What is expected = For the material below, reproduce exactly each line from the one that has "Гипотеза исследованияСредний медицинский" through the one that has "3月14日,昆仑山路小学的3", and no others; pictures stay out.

Dataset =
────────────────
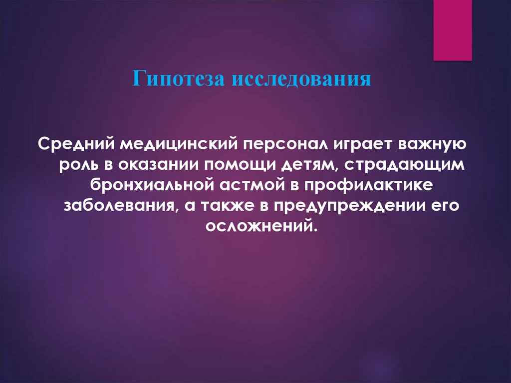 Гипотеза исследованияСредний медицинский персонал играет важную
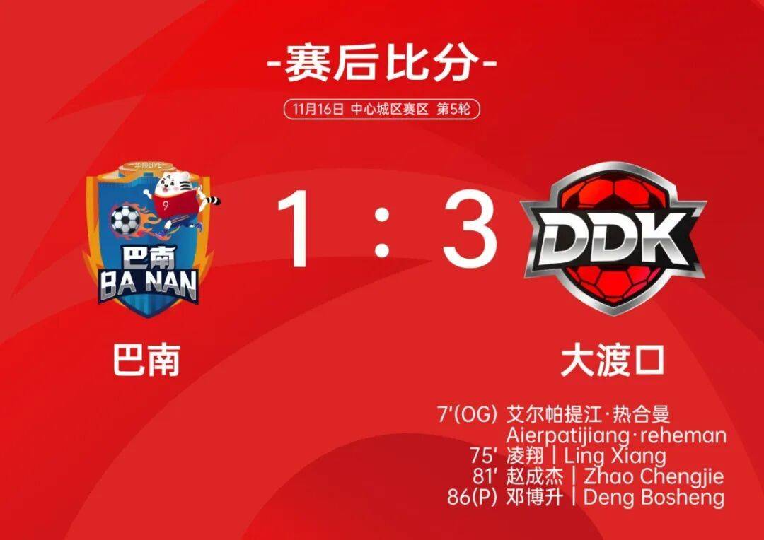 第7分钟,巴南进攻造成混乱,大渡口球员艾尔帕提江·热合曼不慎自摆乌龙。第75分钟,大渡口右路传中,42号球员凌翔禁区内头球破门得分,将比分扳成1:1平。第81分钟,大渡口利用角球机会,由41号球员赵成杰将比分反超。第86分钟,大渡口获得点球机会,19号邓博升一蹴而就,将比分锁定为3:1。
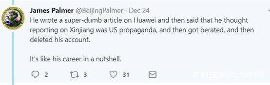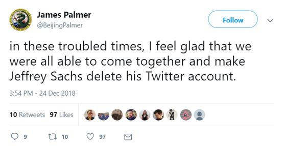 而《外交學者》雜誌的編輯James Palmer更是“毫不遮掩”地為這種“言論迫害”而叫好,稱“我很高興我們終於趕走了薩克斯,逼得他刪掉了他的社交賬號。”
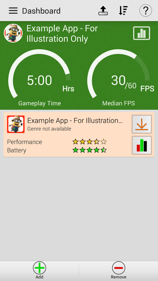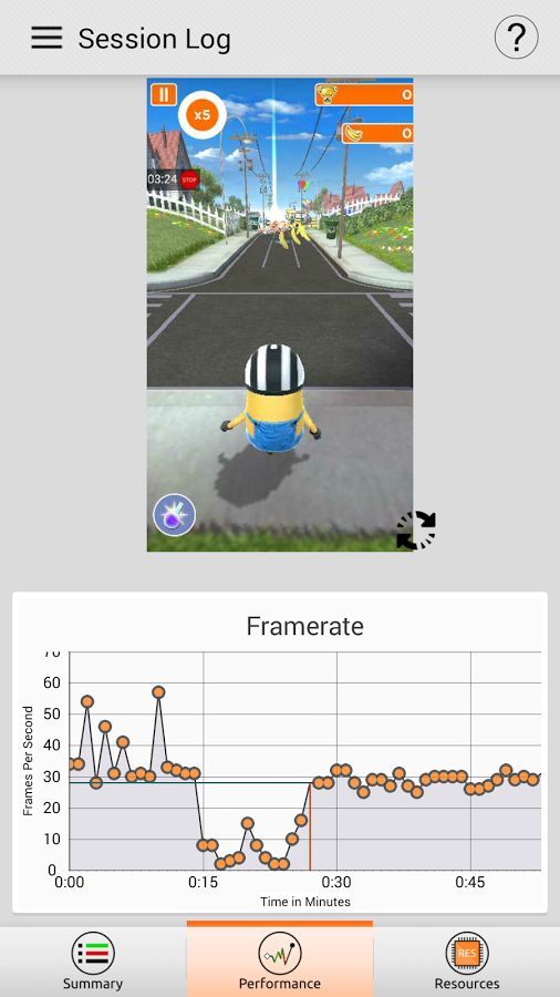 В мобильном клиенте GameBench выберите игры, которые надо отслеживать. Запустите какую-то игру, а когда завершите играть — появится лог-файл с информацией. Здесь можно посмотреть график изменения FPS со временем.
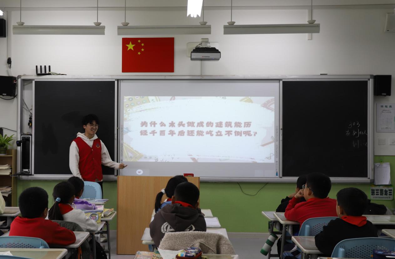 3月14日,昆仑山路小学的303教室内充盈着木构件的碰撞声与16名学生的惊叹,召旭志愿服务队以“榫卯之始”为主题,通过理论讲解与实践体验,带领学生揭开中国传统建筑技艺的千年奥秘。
────────────────
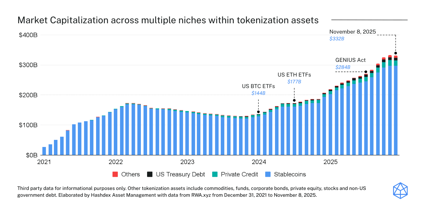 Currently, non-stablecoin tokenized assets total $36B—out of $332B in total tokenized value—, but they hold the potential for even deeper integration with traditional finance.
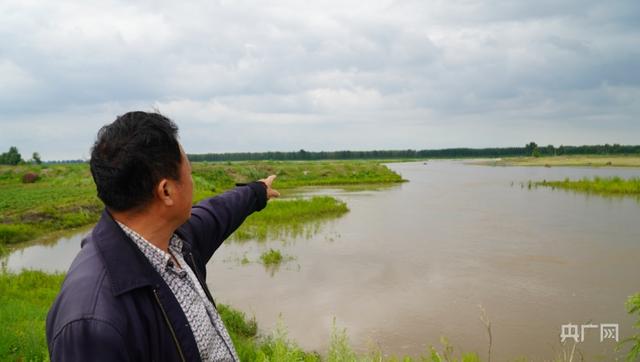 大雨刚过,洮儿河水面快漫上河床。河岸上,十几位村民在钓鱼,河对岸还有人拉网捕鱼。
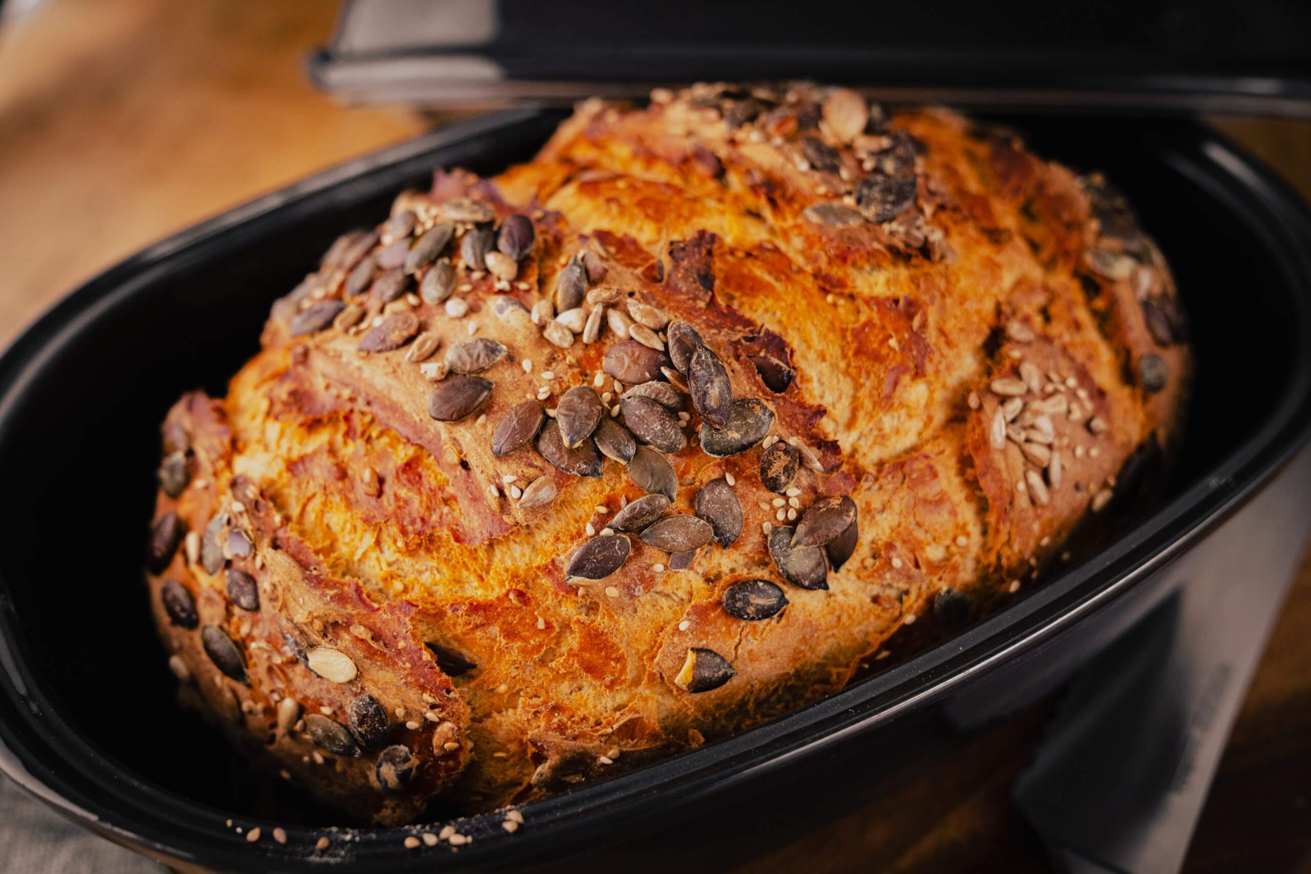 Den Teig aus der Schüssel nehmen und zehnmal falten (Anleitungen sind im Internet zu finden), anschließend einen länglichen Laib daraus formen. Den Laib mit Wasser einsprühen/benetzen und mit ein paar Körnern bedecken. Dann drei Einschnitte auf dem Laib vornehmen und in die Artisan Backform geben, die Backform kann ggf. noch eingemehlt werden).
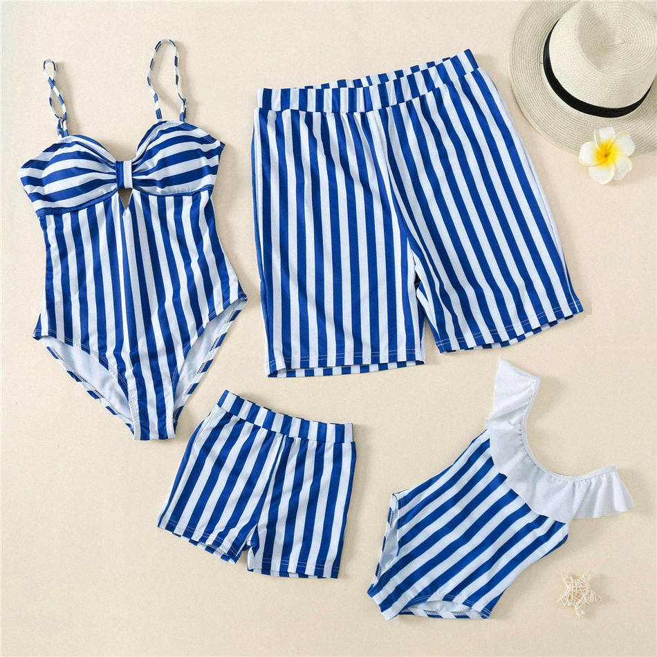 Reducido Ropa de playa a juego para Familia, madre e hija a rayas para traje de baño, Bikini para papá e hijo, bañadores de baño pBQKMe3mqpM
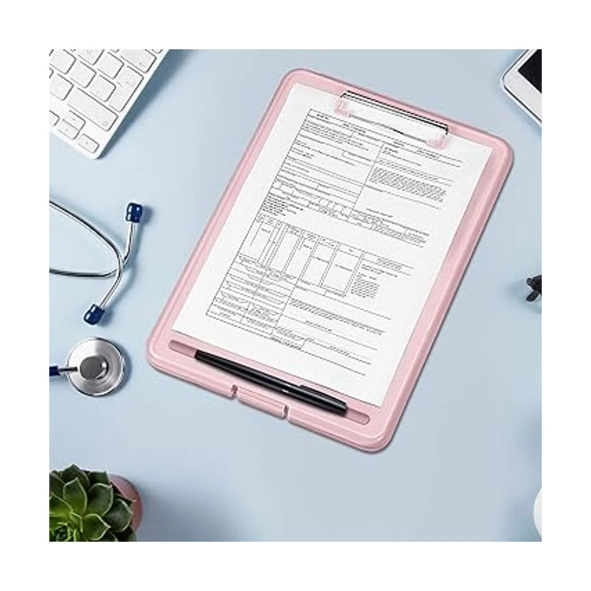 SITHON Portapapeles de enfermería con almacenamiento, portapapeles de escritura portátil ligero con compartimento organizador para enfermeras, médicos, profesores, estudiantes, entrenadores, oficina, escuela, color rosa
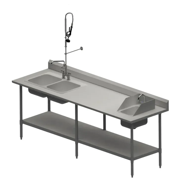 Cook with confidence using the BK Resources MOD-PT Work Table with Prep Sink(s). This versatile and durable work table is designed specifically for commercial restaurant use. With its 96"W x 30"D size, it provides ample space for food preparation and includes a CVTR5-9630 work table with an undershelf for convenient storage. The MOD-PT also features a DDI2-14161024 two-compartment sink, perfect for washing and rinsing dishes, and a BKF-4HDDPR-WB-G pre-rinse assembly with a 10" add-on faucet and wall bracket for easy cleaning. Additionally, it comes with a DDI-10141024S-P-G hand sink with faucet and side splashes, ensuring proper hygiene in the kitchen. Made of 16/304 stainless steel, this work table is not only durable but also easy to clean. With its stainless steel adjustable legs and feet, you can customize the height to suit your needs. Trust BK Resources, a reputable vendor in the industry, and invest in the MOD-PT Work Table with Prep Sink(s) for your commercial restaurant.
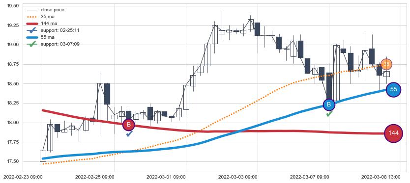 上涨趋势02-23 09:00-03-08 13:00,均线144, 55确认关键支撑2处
────────────────
Solution for this task =
 Гипотеза исследованияСредний медицинский персонал играет важную
 第7分钟,巴南进攻造成混乱,大渡口球员艾尔帕提江·热合曼不慎自摆乌龙。第75分钟,大渡口右路传中,42号球员凌翔禁区内头球破门得分,将比分扳成1:1平。第81分钟,大渡口利用角球机会,由41号球员赵成杰将比分反超。第86分钟,大渡口获得点球机会,19号邓博升一蹴而就,将比分锁定为3:1。
 而《外交學者》雜誌的編輯James Palmer更是“毫不遮掩”地為這種“言論迫害”而叫好,稱“我很高興我們終於趕走了薩克斯,逼得他刪掉了他的社交賬號。”
 В мобильном клиенте GameBench выберите игры, которые надо отслеживать. Запустите какую-то игру, а когда завершите играть — появится лог-файл с информацией. Здесь можно посмотреть график изменения FPS со временем.
 3月14日,昆仑山路小学的303教室内充盈着木构件的碰撞声与16名学生的惊叹,召旭志愿服务队以“榫卯之始”为主题,通过理论讲解与实践体验,带领学生揭开中国传统建筑技艺的千年奥秘。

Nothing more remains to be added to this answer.